* **Work instruction**
Output every entry exactly as it appears.

* **The input**

════════════════

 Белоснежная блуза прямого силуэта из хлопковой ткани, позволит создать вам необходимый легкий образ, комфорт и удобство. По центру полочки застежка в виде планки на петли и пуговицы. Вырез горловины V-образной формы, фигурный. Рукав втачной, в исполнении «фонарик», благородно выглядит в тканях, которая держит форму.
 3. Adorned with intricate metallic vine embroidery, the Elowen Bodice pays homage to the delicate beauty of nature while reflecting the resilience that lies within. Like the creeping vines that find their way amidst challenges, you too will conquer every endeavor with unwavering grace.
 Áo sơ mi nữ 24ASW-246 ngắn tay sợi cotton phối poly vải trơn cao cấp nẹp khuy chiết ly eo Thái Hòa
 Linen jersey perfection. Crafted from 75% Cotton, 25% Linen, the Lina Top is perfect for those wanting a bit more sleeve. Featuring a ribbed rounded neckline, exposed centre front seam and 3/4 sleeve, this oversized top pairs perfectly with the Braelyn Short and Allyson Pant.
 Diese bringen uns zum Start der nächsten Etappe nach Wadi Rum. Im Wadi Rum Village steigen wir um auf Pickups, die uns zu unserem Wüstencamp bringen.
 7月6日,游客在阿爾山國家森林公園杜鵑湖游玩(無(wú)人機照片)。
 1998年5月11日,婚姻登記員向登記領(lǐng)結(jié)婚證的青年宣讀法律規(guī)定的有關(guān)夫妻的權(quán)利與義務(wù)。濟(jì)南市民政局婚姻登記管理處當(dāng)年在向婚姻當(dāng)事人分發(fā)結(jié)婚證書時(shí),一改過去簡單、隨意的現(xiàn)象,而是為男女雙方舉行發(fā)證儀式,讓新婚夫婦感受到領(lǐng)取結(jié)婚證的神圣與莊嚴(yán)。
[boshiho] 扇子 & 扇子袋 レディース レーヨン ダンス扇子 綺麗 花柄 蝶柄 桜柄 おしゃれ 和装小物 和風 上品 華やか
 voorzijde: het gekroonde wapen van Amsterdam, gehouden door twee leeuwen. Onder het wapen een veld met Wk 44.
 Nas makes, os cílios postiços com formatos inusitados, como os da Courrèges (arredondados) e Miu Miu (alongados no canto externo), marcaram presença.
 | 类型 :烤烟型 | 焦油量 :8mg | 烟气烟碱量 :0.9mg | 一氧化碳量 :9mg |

════════════════

* **Response for this exercise**
 Белоснежная блуза прямого силуэта из хлопковой ткани, позволит создать вам необходимый легкий образ, комфорт и удобство. По центру полочки застежка в виде планки на петли и пуговицы. Вырез горловины V-образной формы, фигурный. Рукав втачной, в исполнении «фонарик», благородно выглядит в тканях, которая держит форму.
 3. Adorned with intricate metallic vine embroidery, the Elowen Bodice pays homage to the delicate beauty of nature while reflecting the resilience that lies within. Like the creeping vines that find their way amidst challenges, you too will conquer every endeavor with unwavering grace.
 Áo sơ mi nữ 24ASW-246 ngắn tay sợi cotton phối poly vải trơn cao cấp nẹp khuy chiết ly eo Thái Hòa
 Linen jersey perfection. Crafted from 75% Cotton, 25% Linen, the Lina Top is perfect for those wanting a bit more sleeve. Featuring a ribbed rounded neckline, exposed centre front seam and 3/4 sleeve, this oversized top pairs perfectly with the Braelyn Short and Allyson Pant.
 Diese bringen uns zum Start der nächsten Etappe nach Wadi Rum. Im Wadi Rum Village steigen wir um auf Pickups, die uns zu unserem Wüstencamp bringen.
 7月6日,游客在阿爾山國家森林公園杜鵑湖游玩(無(wú)人機照片)。
 1998年5月11日,婚姻登記員向登記領(lǐng)結(jié)婚證的青年宣讀法律規(guī)定的有關(guān)夫妻的權(quán)利與義務(wù)。濟(jì)南市民政局婚姻登記管理處當(dāng)年在向婚姻當(dāng)事人分發(fā)結(jié)婚證書時(shí),一改過去簡單、隨意的現(xiàn)象,而是為男女雙方舉行發(fā)證儀式,讓新婚夫婦感受到領(lǐng)取結(jié)婚證的神圣與莊嚴(yán)。
[boshiho] 扇子 & 扇子袋 レディース レーヨン ダンス扇子 綺麗 花柄 蝶柄 桜柄 おしゃれ 和装小物 和風 上品 華やか
 voorzijde: het gekroonde wapen van Amsterdam, gehouden door twee leeuwen. Onder het wapen een veld met Wk 44.
 Nas makes, os cílios postiços com formatos inusitados, como os da Courrèges (arredondados) e Miu Miu (alongados no canto externo), marcaram presença.
 | 类型 :烤烟型 | 焦油量 :8mg | 烟气烟碱量 :0.9mg | 一氧化碳量 :9mg |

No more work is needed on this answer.